**WHAT YOU ARE ASKED TO DO:**
Your output should be the lines below from the one holding "Торцы кровати закруглены" through the one holding "One of these", transcribed exactly, with no pictures.

**SUPPLIED INFORMATION:**
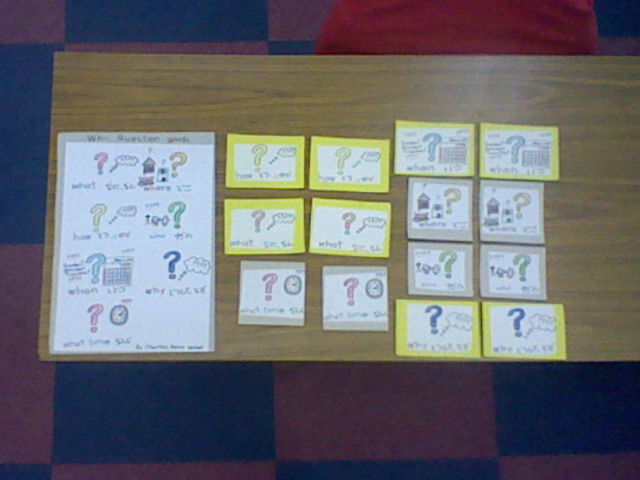 Wh- Question Word Memory Cards (right) with Poster (left) | 52. Wh- Question Word Memory This game is a good one for practicing wh- question words (and "how"). I have noticed when teaching at commercial English schools in both Taiwan and Japan than many STs, including ones who have been learning English for many years, often don't know all the wh- question words, yet these words are so important to speaking and understanding English. To make this game and poster, simply write out the seven question words with the Japanese (or other L1) translations and maybe draw some pictures for visuals. Then photocopy two photocopies of that sheet. Mount the original on poster board and cut out the other two sheets and mount them on cards. Use them as a Memory game. Use them as flash cards, too. Here are the rules, which are the same as standard Memory:- Shuffle the cards.
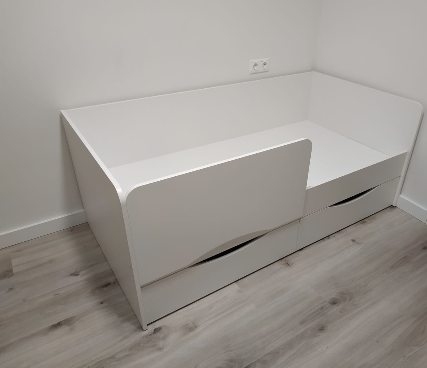 Торцы кровати закруглены и обработаны ударопрочной кромкой ПВХ
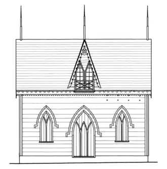 One of these buildings is a 1 1/2-story icehouse, built out of wood on a partial basement with tabby walls. The building has a high gable roof oriented north–south; on the east and west sides are high triangular dormers, each with two pointed windows and a small balcony. Three-level wooden spires, topped with pendants, rise from the peaks of the gables and the dormers. The roof is slightly flared at the eaves. Barge boards cut in circular designs decorate the gable eaves; boards decorated with dentils run below the eaves on the east and west sides of the building. The north and south ends both have two doors: one at ground level and one in the gable. Two paneless windows closed by narrow shutters flank each of the lower-level windows. On the east and west sides of the building are mock Gothic doors and windows.[6]
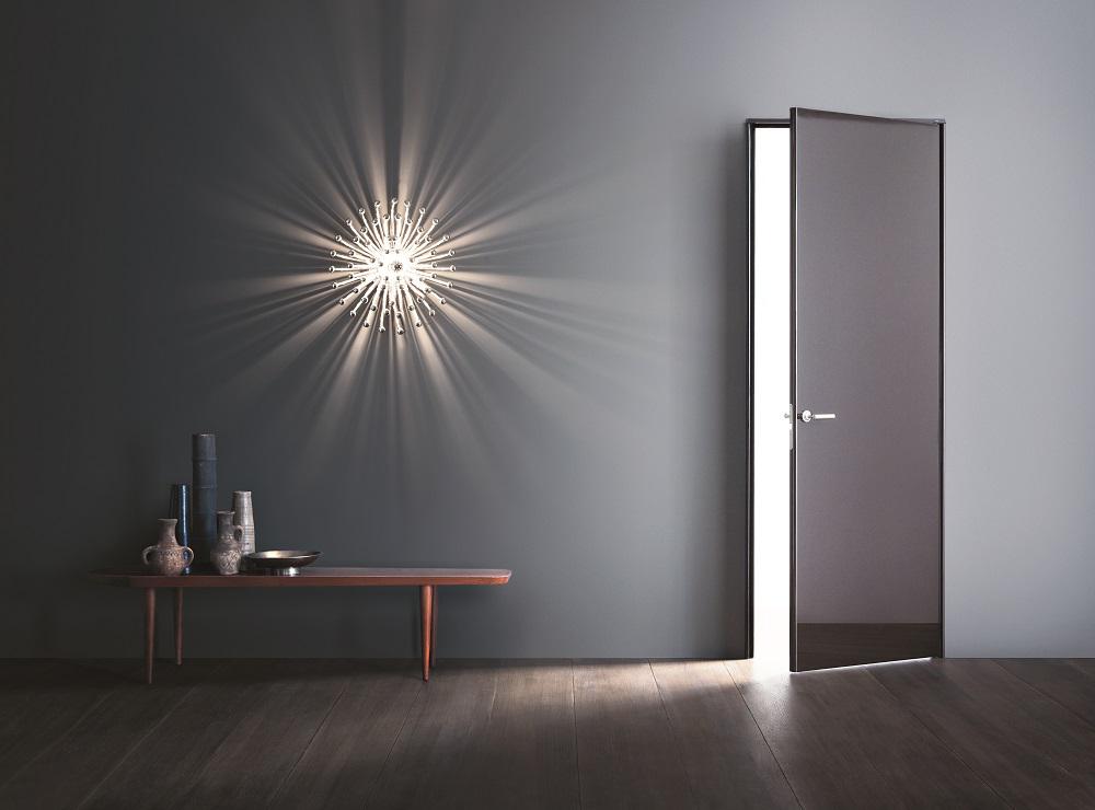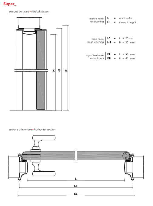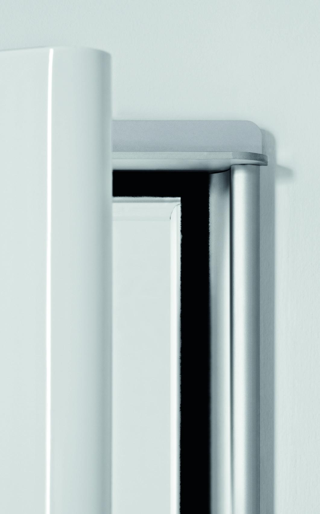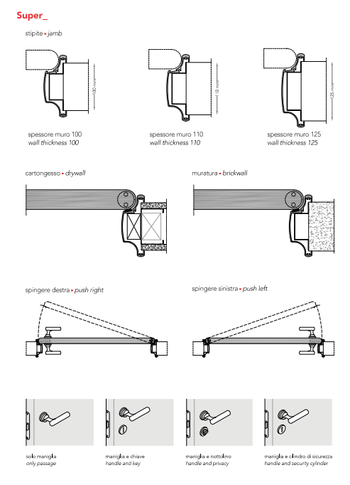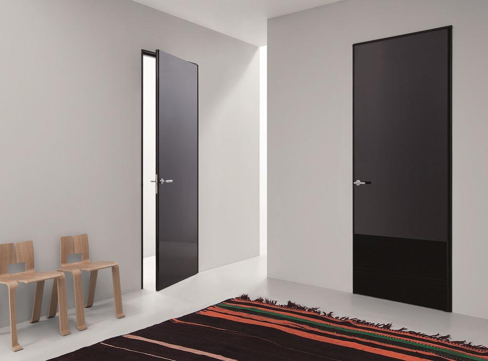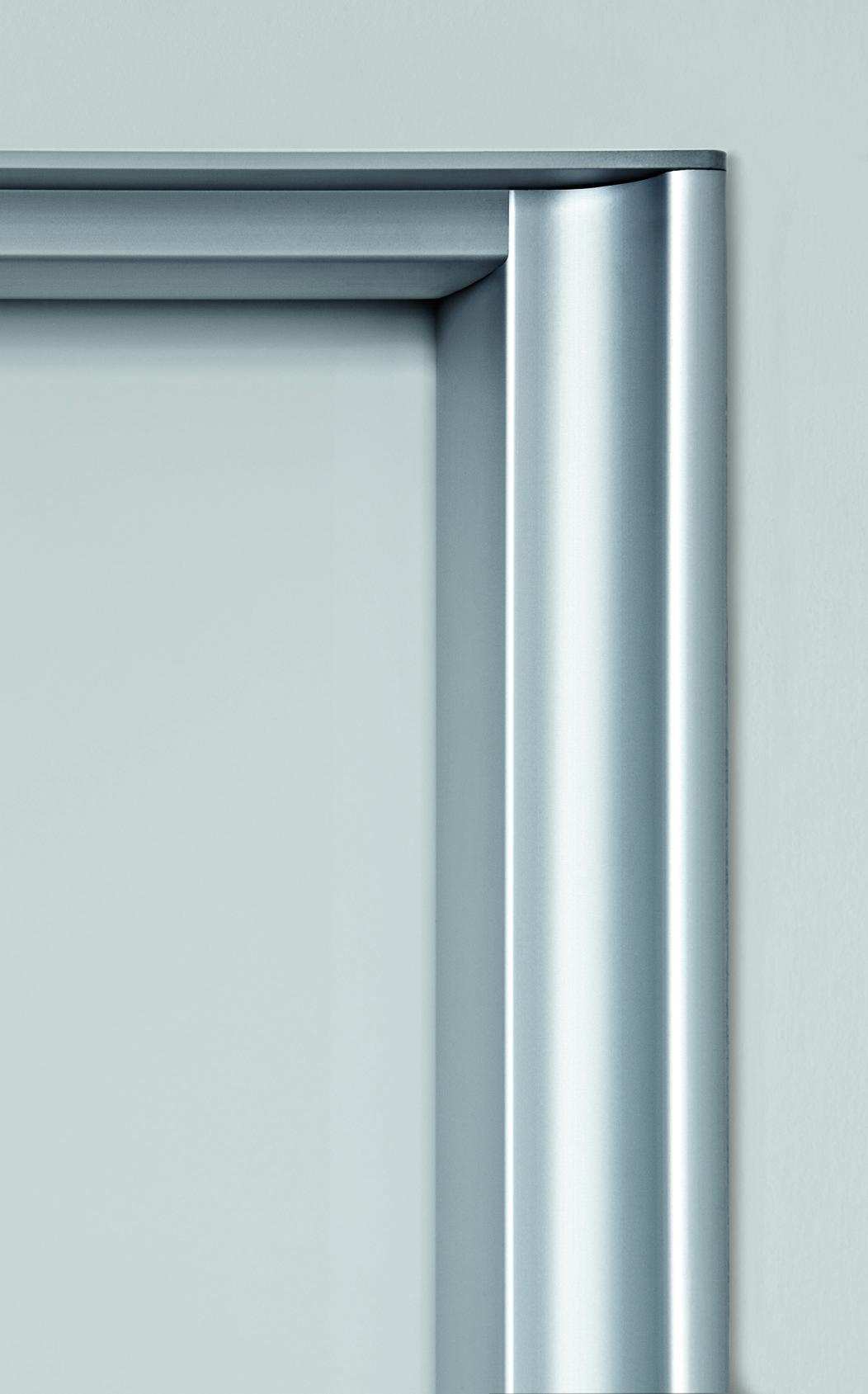 Swing bullnose wood door 41 mm thick. Border with rounded edges. Mechanical lockset, concealed hinges and anti-noise gasket. Jamb in matte lacquered aluminum available for wall thickness 100 – 110 – 125 mm. Reversible opening direction. Mounted on subframe with painted sheet metal.

**REPLY TO THE TASK:**
 Торцы кровати закруглены и обработаны ударопрочной кромкой ПВХ
 One of these buildings is a 1 1/2-story icehouse, built out of wood on a partial basement with tabby walls. The building has a high gable roof oriented north–south; on the east and west sides are high triangular dormers, each with two pointed windows and a small balcony. Three-level wooden spires, topped with pendants, rise from the peaks of the gables and the dormers. The roof is slightly flared at the eaves. Barge boards cut in circular designs decorate the gable eaves; boards decorated with dentils run below the eaves on the east and west sides of the building. The north and south ends both have two doors: one at ground level and one in the gable. Two paneless windows closed by narrow shutters flank each of the lower-level windows. On the east and west sides of the building are mock Gothic doors and windows.[6]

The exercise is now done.